### [Given information]
┌────────

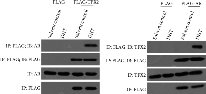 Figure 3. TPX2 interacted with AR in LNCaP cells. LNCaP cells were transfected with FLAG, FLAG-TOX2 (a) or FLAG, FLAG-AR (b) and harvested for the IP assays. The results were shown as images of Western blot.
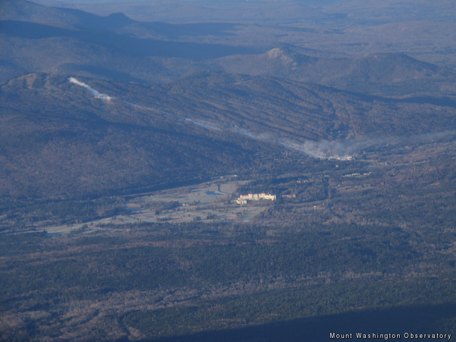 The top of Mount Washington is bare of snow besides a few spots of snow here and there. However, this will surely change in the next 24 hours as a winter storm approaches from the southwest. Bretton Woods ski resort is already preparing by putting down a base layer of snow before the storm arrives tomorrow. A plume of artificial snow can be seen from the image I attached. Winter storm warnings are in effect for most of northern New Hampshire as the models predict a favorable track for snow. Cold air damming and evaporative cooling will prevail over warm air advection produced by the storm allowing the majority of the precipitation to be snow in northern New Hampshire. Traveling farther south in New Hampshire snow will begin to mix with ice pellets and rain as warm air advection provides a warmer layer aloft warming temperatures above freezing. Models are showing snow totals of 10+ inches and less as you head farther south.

└────────
┌────────

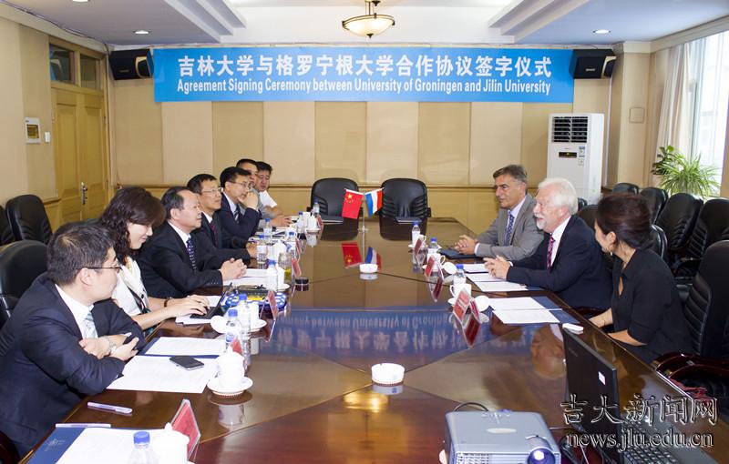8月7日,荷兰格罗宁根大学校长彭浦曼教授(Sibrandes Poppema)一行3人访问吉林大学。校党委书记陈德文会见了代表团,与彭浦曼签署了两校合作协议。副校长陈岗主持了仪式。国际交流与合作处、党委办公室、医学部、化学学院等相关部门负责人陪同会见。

└────────
┌────────

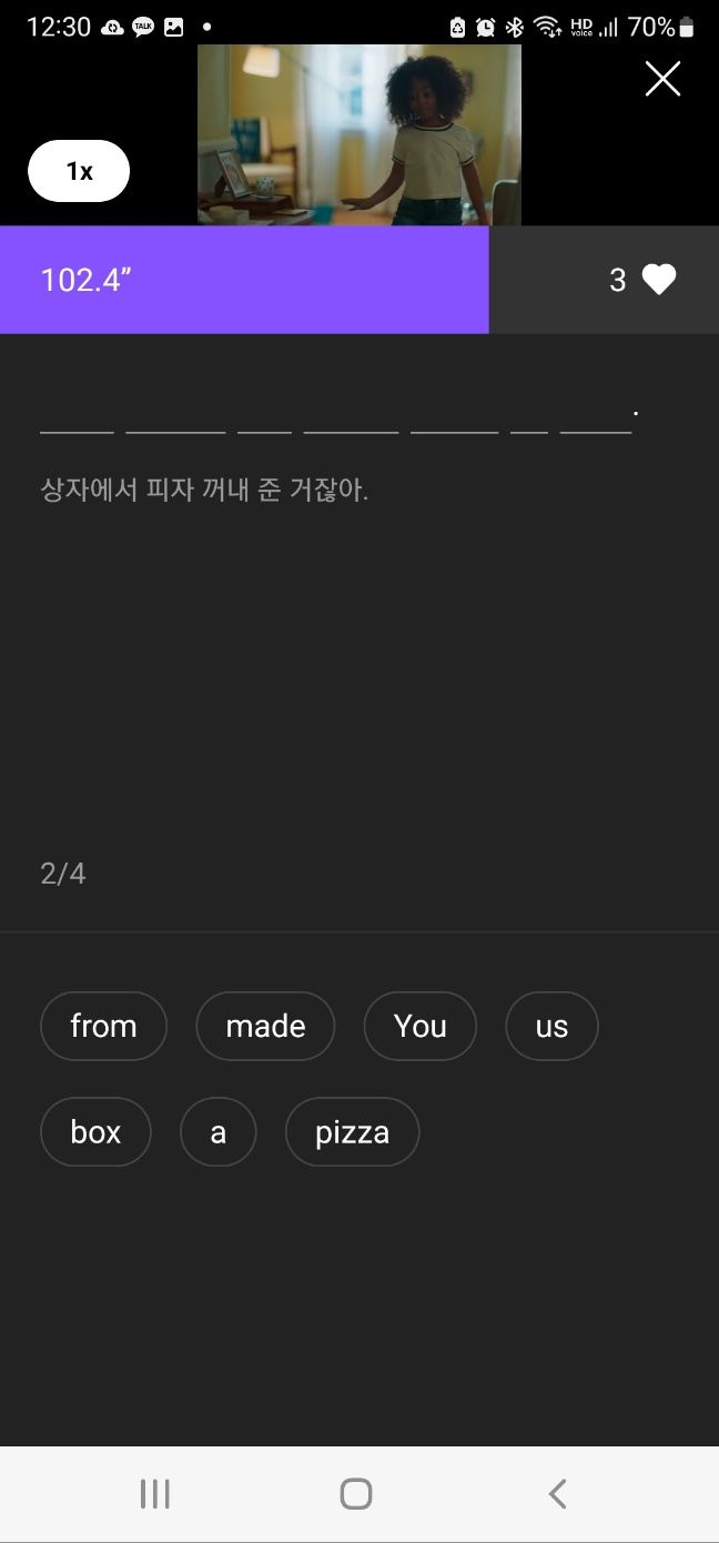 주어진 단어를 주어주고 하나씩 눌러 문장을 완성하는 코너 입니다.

└────────

### [Task statement]
In the records above, copy exactly everything from the line that has "Figure 3. TPX2" down to the line that has "The top of Mount", both ends included, and leave out the pictures.

### [Solution to this exercise]
 Figure 3. TPX2 interacted with AR in LNCaP cells. LNCaP cells were transfected with FLAG, FLAG-TOX2 (a) or FLAG, FLAG-AR (b) and harvested for the IP assays. The results were shown as images of Western blot.
 The top of Mount Washington is bare of snow besides a few spots of snow here and there. However, this will surely change in the next 24 hours as a winter storm approaches from the southwest. Bretton Woods ski resort is already preparing by putting down a base layer of snow before the storm arrives tomorrow. A plume of artificial snow can be seen from the image I attached. Winter storm warnings are in effect for most of northern New Hampshire as the models predict a favorable track for snow. Cold air damming and evaporative cooling will prevail over warm air advection produced by the storm allowing the majority of the precipitation to be snow in northern New Hampshire. Traveling farther south in New Hampshire snow will begin to mix with ice pellets and rain as warm air advection provides a warmer layer aloft warming temperatures above freezing. Models are showing snow totals of 10+ inches and less as you head farther south.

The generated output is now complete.